How We Fight for Our Lives: A Memoir (A Bestselling Memoir)

From award-winning poet Saeed Jones, How We Fight for Our Lives—winner of the Kirkus Prize and the Stonewall Book Award—is a “moving, bracingly honest memoir” (The New York Times Book Review) written at the crossroads of sex, race, and power.

One of the best books of the year as selected by The New York Times; The Washington Post; NPR; Time; The New Yorker; O, The Oprah Magazine; Harper’s Bazaar; Elle; BuzzFeed; Goodreads; and many more.

“People don’t just happen,” writes Saeed Jones. “We sacrifice former versions of ourselves. We sacrifice the people who dared to raise us. The ‘I’ it seems doesn’t exist until we are able to say, ‘I am no longer yours.’”

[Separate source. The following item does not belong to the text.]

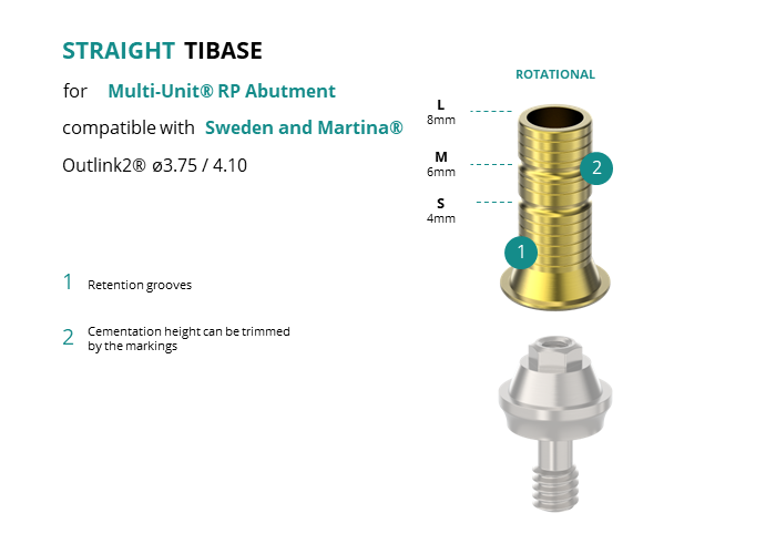 GT-Medical's Ti-Base are compatible with Outlink2® Ø3.75 / 4.10 implants from Sweden and Martina®, allowing a stable and long-lasting connection between the Multi-Unit® RP Abutment and the prosthesis. They are made entirely of Titanium Grade 5 with a yellow anodized for a more aesthetic finish. They have a grooved cementation trunk that can be cut to various heights.

Haunted and haunting, How We Fight for Our Lives is a stunning coming-of-age memoir about a young, black, gay man from the South as he fights to carve out a place for himself, within his family, within his country, within his own hopes, desires, and fears. Through a series of vignettes that chart a course across the American landscape, Jones draws readers into his boyhood and adolescence—into tumultuous relationships with his family, into passing flings with lovers, friends, and strangers. Each piece builds into a larger examination of race and queerness, power and vulnerability, love and grief: a portrait of what we all do for one another—and to one another—as we fight to become ourselves.

An award-winning poet, Jones has developed a style that’s as beautiful as it is powerful—a voice that’s by turns a river, a blues, and a nightscape set ablaze. How We Fight for Our Lives is a one-of-a-kind memoir and a book that cements Saeed Jones as an essential writer for our time.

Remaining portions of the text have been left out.